## YOUR INSTRUCTIONS
Output the listing below verbatim, without images.

## DATA FOR PROCESSING

-*-*-

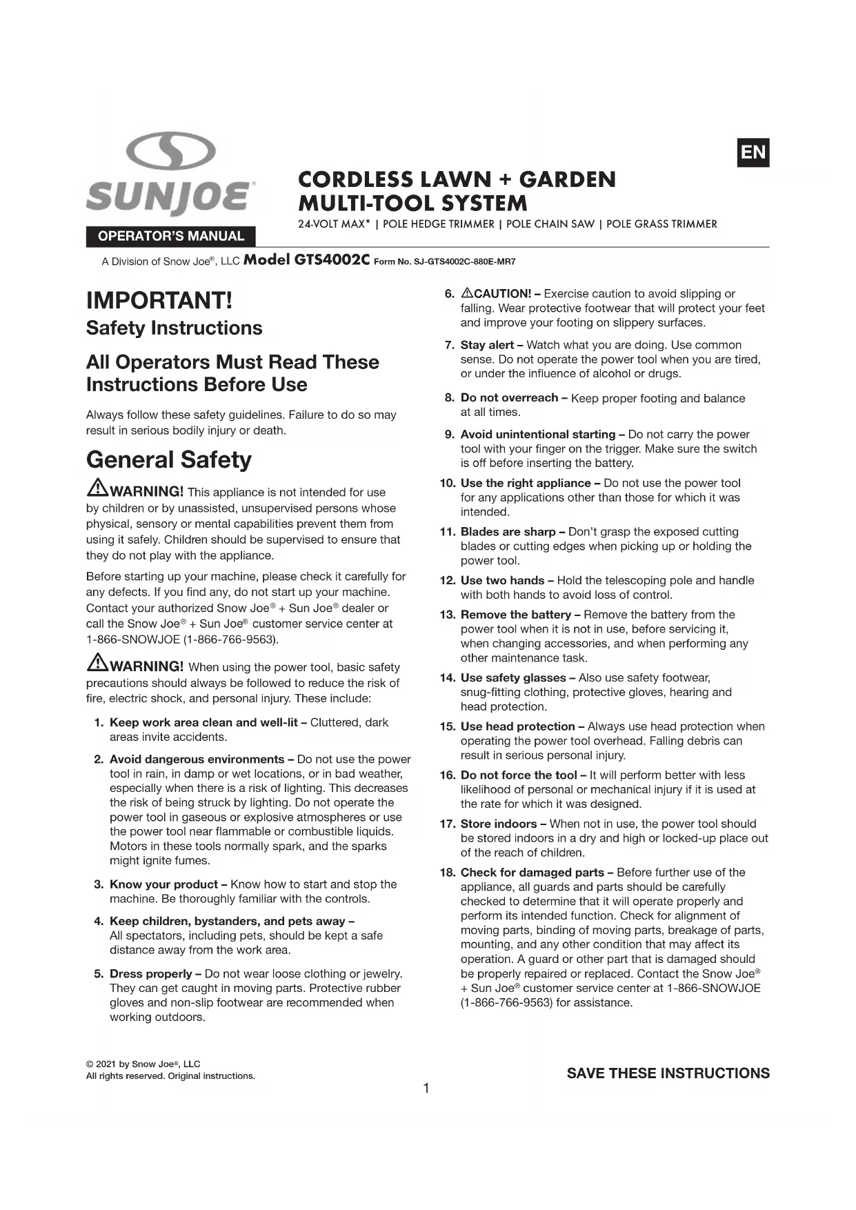 GTS4002C cordless lawn + garden multi-tool system, please visit sunjoe.com or contact the Snow Joe
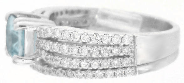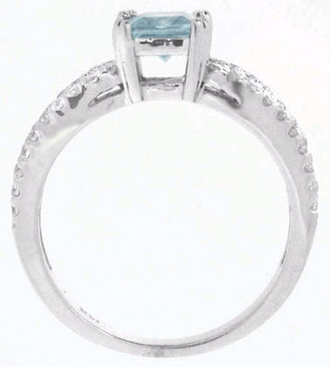 aquamarine is set between a backdrop of fine diamonds for a dazzling look.
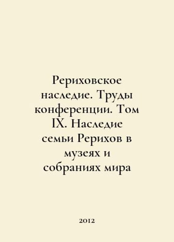 The Roerich Legacy. Proceedings of the Conference. Volume IX. The Legacy of the Roerich Family in the Museums and Collections of the World In Russian /Rerikhovskoe nasledie. Trudy konferentsii. Tom IX. Nasledie semi Rerikhov v muzeyakh i sobraniyakh mira St. Petersburg Rerikhov Center of St. Petersburg State University 2012. You are welcome to reach out to us for a detailed description of the copies currently available. Delivery of this book may take longer than usual including extended processing and pre-shipping time, no expedited shipping is available. Please advise us if you have a set date or a deadline to receive your order.SKUalb889f5fbf593375b7
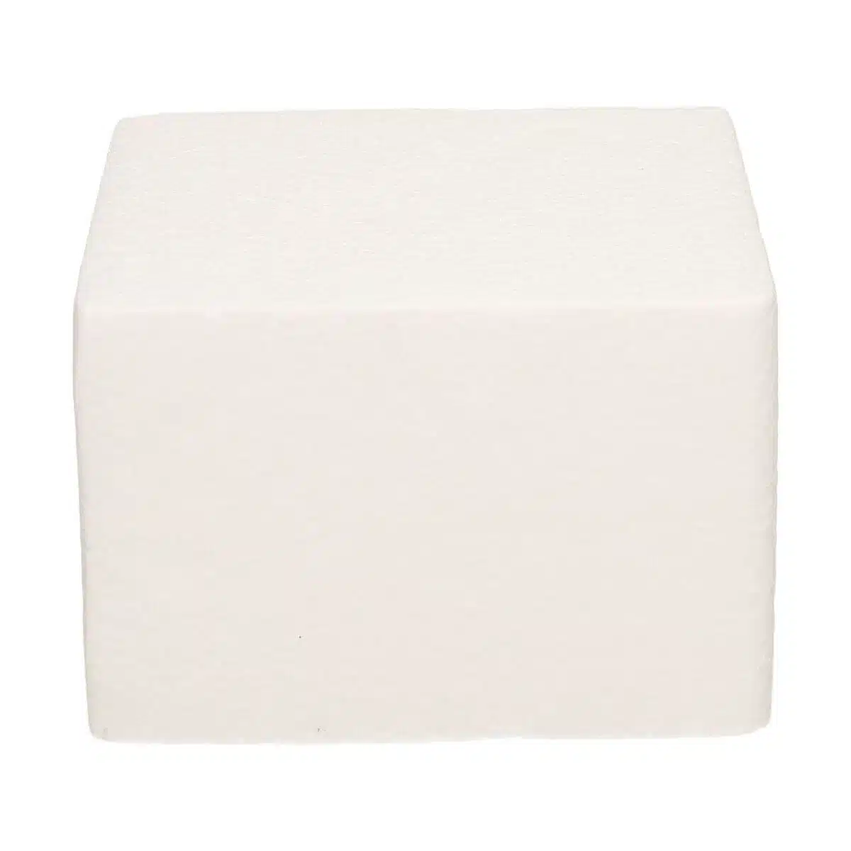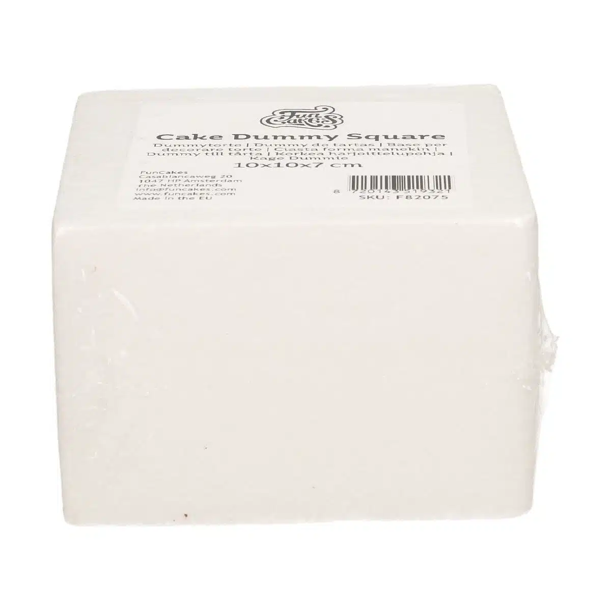 Strakke kleine vierkante taart dummy, gemaakt van piepschuim (polystyreen), voor het maken van nep- en showtaarten. De dummy heeft strakke randen wat hem perfect maakt voor het bekleden met fondant. Leuk als klein onderdeel van een taart!
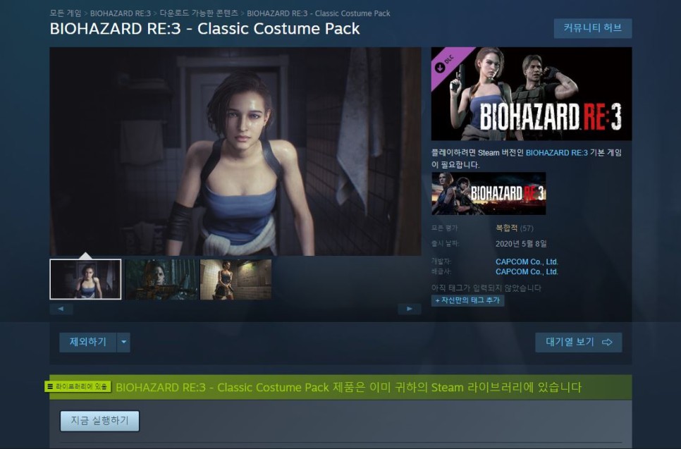 바이오하자드(레지던트이블) RE:3 DLC가 추가되었습니다.

-*-*-

## RESPONSE AREA
 GTS4002C cordless lawn + garden multi-tool system, please visit sunjoe.com or contact the Snow Joe
 aquamarine is set between a backdrop of fine diamonds for a dazzling look.
 The Roerich Legacy. Proceedings of the Conference. Volume IX. The Legacy of the Roerich Family in the Museums and Collections of the World In Russian /Rerikhovskoe nasledie. Trudy konferentsii. Tom IX. Nasledie semi Rerikhov v muzeyakh i sobraniyakh mira St. Petersburg Rerikhov Center of St. Petersburg State University 2012. You are welcome to reach out to us for a detailed description of the copies currently available. Delivery of this book may take longer than usual including extended processing and pre-shipping time, no expedited shipping is available. Please advise us if you have a set date or a deadline to receive your order.SKUalb889f5fbf593375b7
 Strakke kleine vierkante taart dummy, gemaakt van piepschuim (polystyreen), voor het maken van nep- en showtaarten. De dummy heeft strakke randen wat hem perfect maakt voor het bekleden met fondant. Leuk als klein onderdeel van een taart!
 바이오하자드(레지던트이블) RE:3 DLC가 추가되었습니다.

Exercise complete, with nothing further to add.